Now, what I actually suspected was that CR 6559612 multiple softlocks on a DISM segment should decrement availrmem just once is coming into play here which if you read engineerings comments on it says can only happen if DISM isn't locked properly and we end up going down a different code path due to seg_pdisable being set to 1. There is another reason for seg_pdisable being set and that's when we're trying to handle page retirement. Coincidentally for the two situations mentioned above both had pending page retirements happening  due CR 6587140 -  "page_retire()/page_trycapture should not try to retire non relocatable kernel pages" fixed in KJP 141414-06 (latest 10) so there was a window for opportunity for CR 6559612 to happen every once and a while.

From what I can currently work out CR 6559612 - "multiple softlocks on a DISM segment should decrement availrmem just once" is a duplicate of CR 6603296 - "Multiple writes into dism segment reduces available swap" and also mentions duplicate CR 6644570 - "Application using large page sizes with DISM on Huron got pread to return error ENOMEM".
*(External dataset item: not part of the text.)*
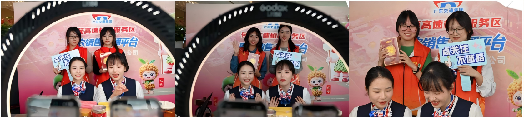 在柏桥直播基地,实践团成员以“直播助威团”的身份积极参与茂名特产推广直播。同学们在直播间手持宣传牌、齐声喊出口号,为直播现场注入了满满的活力。此次助播行动不仅切实支持了本土电商直播的现场效果,也展现了中大学子以实际行动融入乡村、助力地方产业发展的积极姿态。

There seems to be a family of related issues which are all fixed as part of CR 6423097 - "segvn_pagelock() may perform very poorly" which includes the above:

6526804 DR delete_memory_thread, AIO, and segvn deadlock
6557794 segspt_dismpagelock() and segspt_shmadvise(MADV_FREE) may deadlock
6557813 seg_ppurge_seg() shouldn't flush all unrelated ISM/DISM segments
6557891 softlocks/pagelocks of anon pages should not decrement availrmem for memory swapped pages
6559612 multiple softlocks on a DISM segment should decrement availrmem just once
6562291 page_mem_avail() is stuck due to availrmem overaccounting and lack of seg_preap() calls
6596555 locked anonymous pages should not have assigned disk swap slots
6639424 hat_sfmmu.c:hat_pagesync() doesn't handle well HAT_SYNC_STOPON_REF and HAT_SYNC_STOPON_MOD flags
6639425 optimize checkpage() optimizations
6662927 page_llock contention during I/O

These are all fixed in the development release of Solaris Nevada build 91 but haven't been backported as yet. From looking at the bug reports it does seem likely that CR 6423097 and associated CR's will get fixed in Solaris 10 U8 (scheduled for release 9th October 2009).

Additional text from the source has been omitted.